This final step allows us to estimate the mutual information between \(T(s, a\mid D)\) and \(\tau^*\), which is precisely the quantity we want. We give a more precise description of this below.

Given a task of regulating plasma to the goal conditions (green dot), we compute posterior samples of the optimal trajectory (paths in color). We can then estimate the point (red circle) with maximal mutual information with these optimal trajectories and query the dynamics at that point.
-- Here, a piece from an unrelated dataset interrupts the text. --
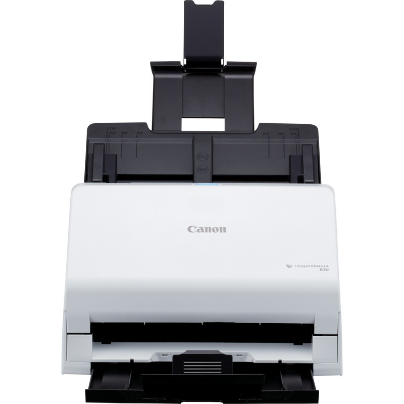 "Canon imageFORMULA R30. Maximum scan size: 216 x 356 mm, Optical scanning resolution: 600 x 600 DPI. Scanner type: ADF + Sheet-fed scanner, Product colour: White. Sensor type: CIS, Light source: RGB LED, Scan file formats: BMP, JPEG, PDF, PNG, PPTX, TIFF. Maximum ISO A-series paper size: A4, Scanning media types supported: Plastic Card, Media thickness (min): 0.04 mm. Power supply type: AC, Power consumption (typical): 10 W, Power consumption (off): 0.1 W"\n"Make scanning easier for everyone with a device designed for simplicity

Computing \(EIG_{\tau^*}\) via posterior function sampling

More formally: as \(\tau^*\) is a high-dimensional object that implicitly assumes access to an optimal decision making policy, it is not obvious that the entropies involved in computing it will be easy to estimate. However, by making two additional assumptions and leveraging properties of mutual information, we can derive a practical method for estimating \(\EIG_{\tau^*}\). In particular, we need to assume that:

  • The dynamics \(T\) are drawn from a GP prior \(P(T)\), a fairly mild assumption since GPs are universal approximators [10].
  • \(\pi_T \approx \pi^*\) for an MDP with known rewards and transition function \(T\), i.e., that a model-predictive control (MPC) policy using known dynamics will be close to optimal on those dynamics. This is not true in all settings and we investigate how crucial this assumption is to the performance of the algorithm in our experiments section.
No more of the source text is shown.